What was the biggest single event in our industry?
You might argue that it was the first flight and I would argue that this was a series of short steps rather than a single great leap. The introduction of the first airmail service? The introduction of the DC3 marking point where aviation passenger travel became profitable in its own right?
To find the single moment when flight could blossom and the world suddenly became smaller you need look no further than the spark of an idea that was the Aircraft Jet Engine. And it might be easy to think that with this spark and the fuel that was the Second Great War, a product that would so obviously change our lives profoundly would have been seized upon.
But no. It took one man to conceptualize, to consider the problem and the limits of our then current technology and to put the pieces together to let the genie out of the bottle. The same man had to fight for his idea, develop it for his country and then watch his prize be handed away.
My vote, therefore, has to go to Sir Frank Whittle OM, KBE, FRS, Hon FRAeS.
Born in Coventry, England in 1907, he joined the RAF in 1923 as an apprentice. His commanding officer was so impressed that he recommended Whittle for officer training at the RAF College, Cranwell in Lincolnshire in 1926.
Of the few apprentices that were accepted, even fewer completed the course and Whittle was the exception to the rule.
He graduated in 1928 at the age of 21, ranked second in his class in academics and an "Exceptional to Above Average" pilot. A requirement of the course was that each student had to produce a thesis for graduation.
In his thesis he argued that aircraft would need to fly faster and higher where the air was thinner in order to be more efficient.
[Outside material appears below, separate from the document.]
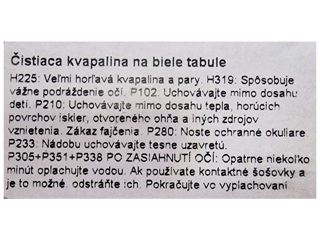 Čistiaca kvapalina na stierateľné tabule v rozprašovači. Navlhčite textíliu alebo vystreknite kvapalinu priamo na tabuľu a tabuľu utrite.Dodatočné parametre

He could see that the propeller was unlikely to be the answer in these conditions and proposed a piston powered turbine engine (sometimes referred to as a motorjet). As his thinking continued, he realized that the weight and efficiency of the piston engine at altitude was a fatal flaw in the motorjet concept. He therefore proposed a supercharger-like compressor with a turbine to extract some of the energy to power the compressor; the remaining energy being used as thrust to power the aircraft.
This formed the basis of his submission to the Air Ministry in 1929 and his patent in 1930. The Air Ministry had an expert in AA Griffith, who had himself written a similar paper for what was essentially a turboprop. Griffith reviewed Whittle’s work and concluded that it was “impracticable”, so Frank was sent away and his work was considered not even worthy of being put on the Official Secrets list. Frank moved on to the Officers' Engineering Course at RAF Henlow, Bedfordshire in 1932 and then to Peterhouse college, Cambridge University in 1934.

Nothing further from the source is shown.